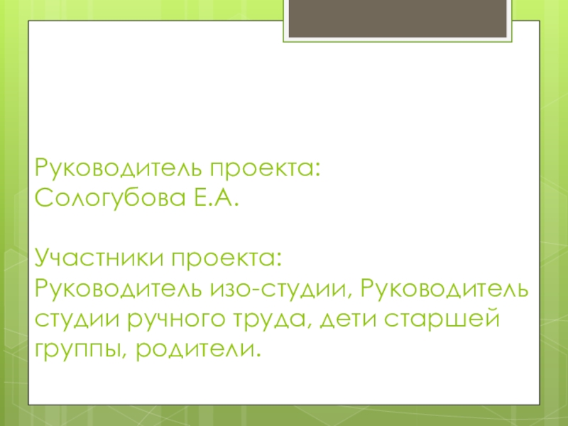 Слайд 2Руководитель проекта: Сологубова Е.А. Участники проекта: Руководитель изо-студии, Руководитель студии ручного труда, дети
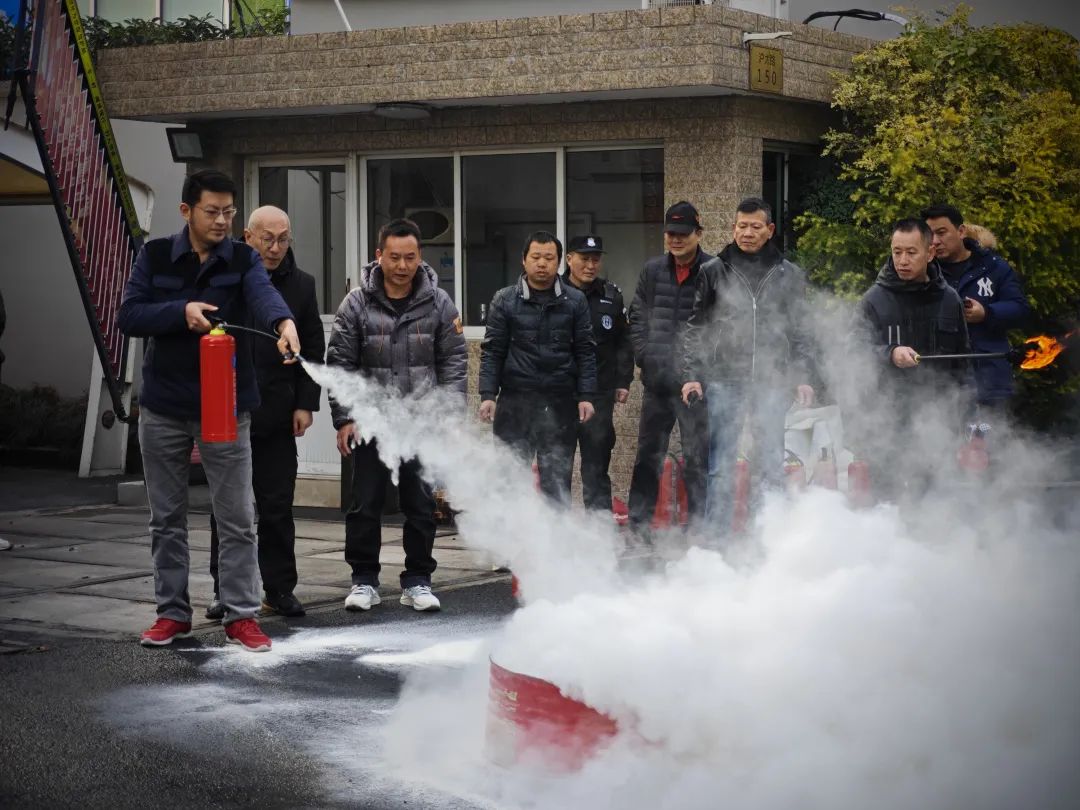 最后,所有参加演练的人都集中精力学习了如何使用消防水枪和灭火器,并进行了实际的灭火练习。
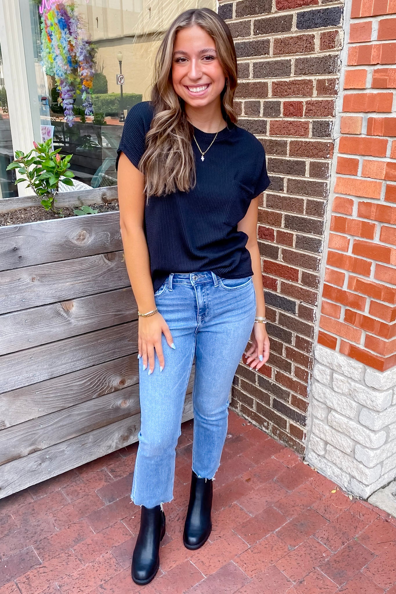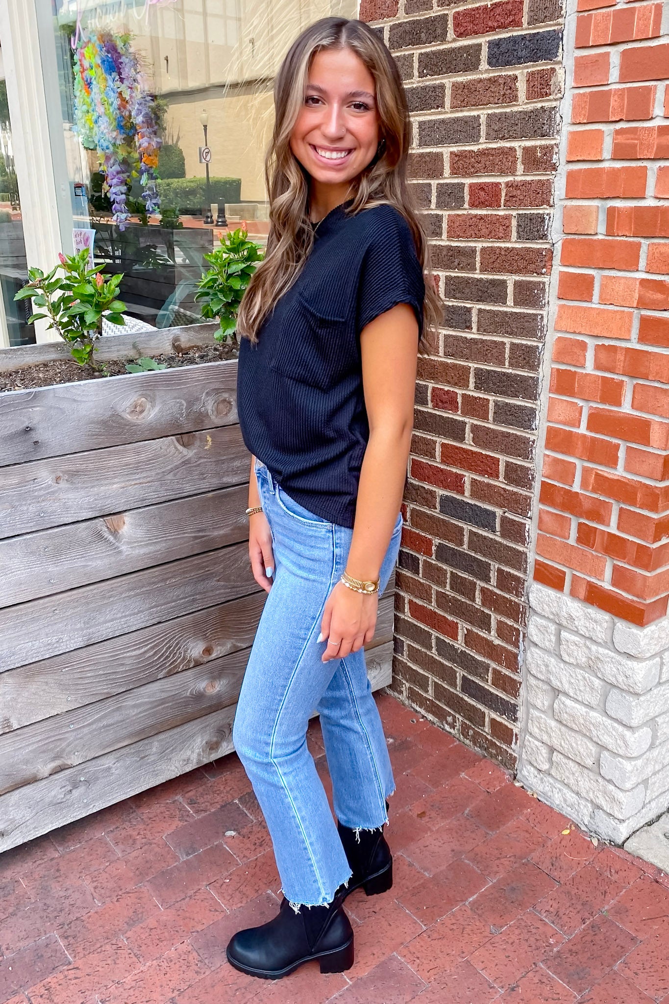 Comfy tops for casual days! This top features ribbed feel, round neckline, short sleeve and front pocket! So soft and casual to wear! Make this your #OOTD
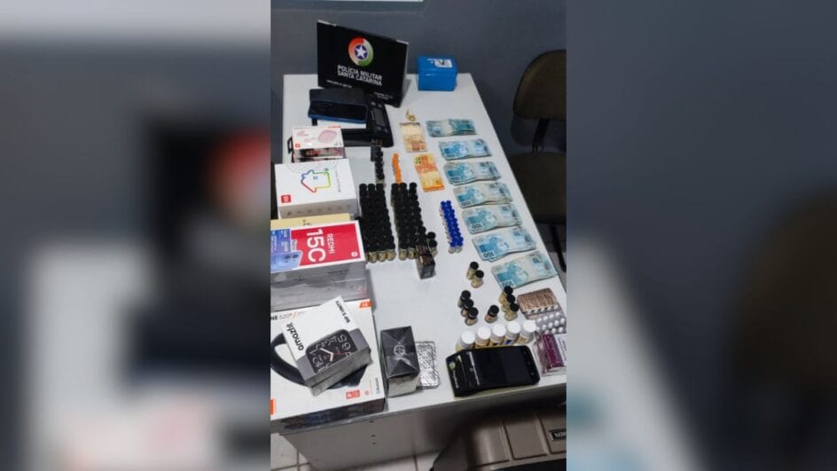 A guarnição policial conseguiu localizar e abordar o veículo que era conduzido pelo homem. Durante buscas no veículo foram encontrados celulares, anabolizantes, máquina de cartão e R$ 7 mil em dinheiro vivo.
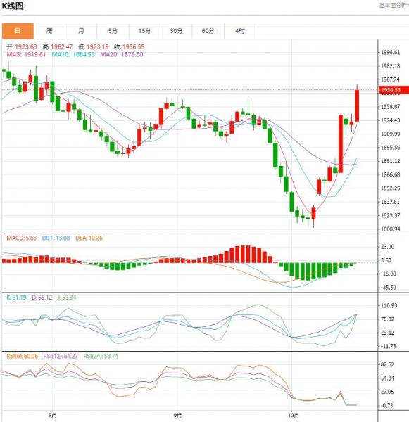 周四(10月19日)进入欧市盘中,市场情绪谨慎,投资者等待关键的美联储主席鲍威尔的讲话,与此同时,中东局势仍处于令人不安的紧张氛围中,黄金维持高位盘整姿态,目前交投在1950美元附近,等待今日的进一步线索。金价徘徊在两个半月高位附近,因中东动荡升级提振对黄金的需求,同时投资者等待美联储主席鲍威尔定于今日
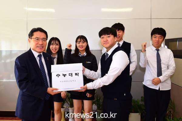 ▲ 권오봉 여수시장이 수능 8여일 앞둔 지난 6일 화양고를 방문해 수험생과 교사를 격려했다. 권 시장은 “남은 기간 잘 마무리하고 정리하는 시간으로 보내기 바란다”며 “후배들 뿐 아니라 여수의 선도 학교로 좋은 본보기가 될 수 있도록 끝까지 최선을 다해주기 바란다”고 말했다.
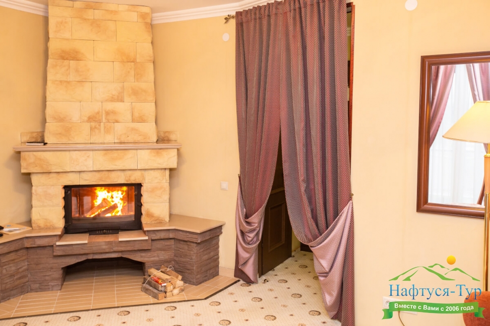 камин, сейф, сплит-система, телевизор ЖК, телефон, холодильник, чайный набор посуды, электрочайник
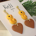 Ett par handgjorda örhängen som förvandlar julens mest klassiska bakverk till konstnärliga miniatyrer. Varje pepparkaka och lussekatt formas och målas för hand i polymerlera för att efterlikna den nygräddade ytan. Nickelsäkra och guldpläterade stiftörhängen i stål. Ett varmt, detaljrikt och charmigt smycke med julkänsla i en annorlunda design.
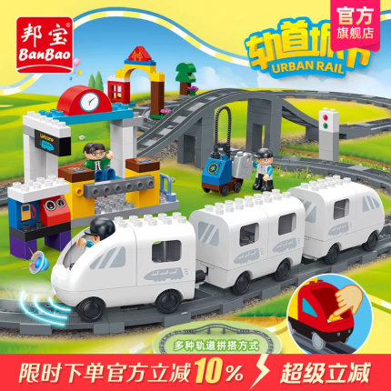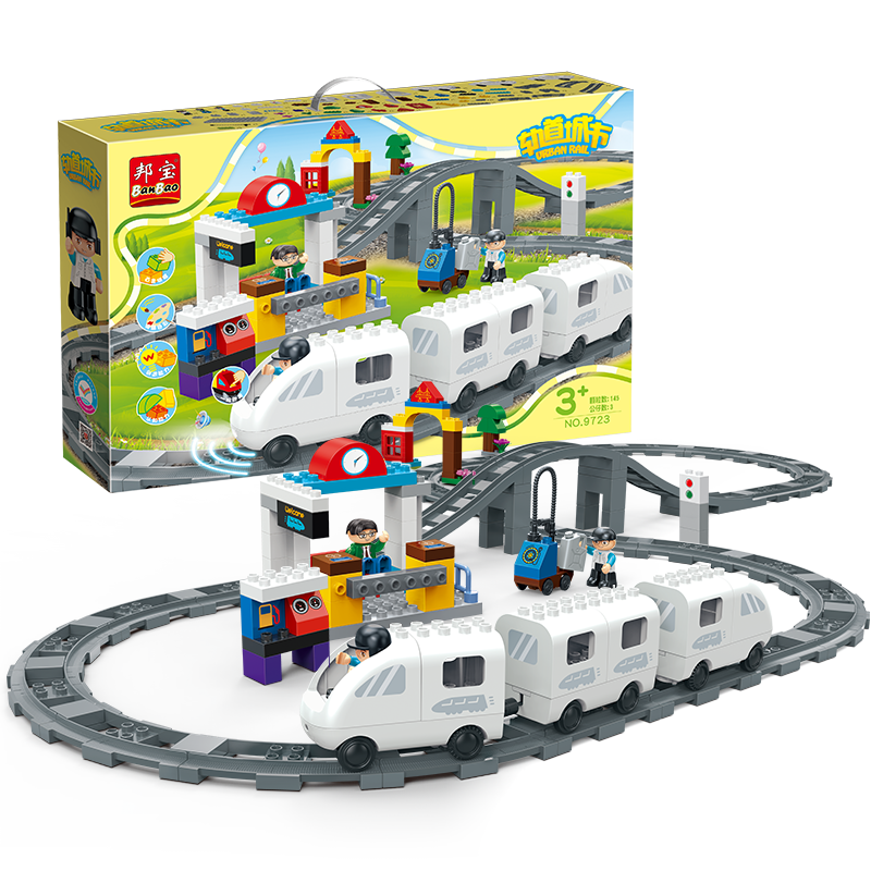 邦宝大颗粒积木轨道车电动玩具儿童小火车益智拼装新能源高铁9723
++++++++++
Work task: Without including any pictures, reproduce the listing exactly.

Response to the task:
 Слайд 2Руководитель проекта: Сологубова Е.А. Участники проекта: Руководитель изо-студии, Руководитель студии ручного труда, дети
 最后,所有参加演练的人都集中精力学习了如何使用消防水枪和灭火器,并进行了实际的灭火练习。
 Comfy tops for casual days! This top features ribbed feel, round neckline, short sleeve and front pocket! So soft and casual to wear! Make this your #OOTD
 A guarnição policial conseguiu localizar e abordar o veículo que era conduzido pelo homem. Durante buscas no veículo foram encontrados celulares, anabolizantes, máquina de cartão e R$ 7 mil em dinheiro vivo.
 周四(10月19日)进入欧市盘中,市场情绪谨慎,投资者等待关键的美联储主席鲍威尔的讲话,与此同时,中东局势仍处于令人不安的紧张氛围中,黄金维持高位盘整姿态,目前交投在1950美元附近,等待今日的进一步线索。金价徘徊在两个半月高位附近,因中东动荡升级提振对黄金的需求,同时投资者等待美联储主席鲍威尔定于今日
 ▲ 권오봉 여수시장이 수능 8여일 앞둔 지난 6일 화양고를 방문해 수험생과 교사를 격려했다. 권 시장은 “남은 기간 잘 마무리하고 정리하는 시간으로 보내기 바란다”며 “후배들 뿐 아니라 여수의 선도 학교로 좋은 본보기가 될 수 있도록 끝까지 최선을 다해주기 바란다”고 말했다.
 камин, сейф, сплит-система, телевизор ЖК, телефон, холодильник, чайный набор посуды, электрочайник
 Ett par handgjorda örhängen som förvandlar julens mest klassiska bakverk till konstnärliga miniatyrer. Varje pepparkaka och lussekatt formas och målas för hand i polymerlera för att efterlikna den nygräddade ytan. Nickelsäkra och guldpläterade stiftörhängen i stål. Ett varmt, detaljrikt och charmigt smycke med julkänsla i en annorlunda design.
 邦宝大颗粒积木轨道车电动玩具儿童小火车益智拼装新能源高铁9723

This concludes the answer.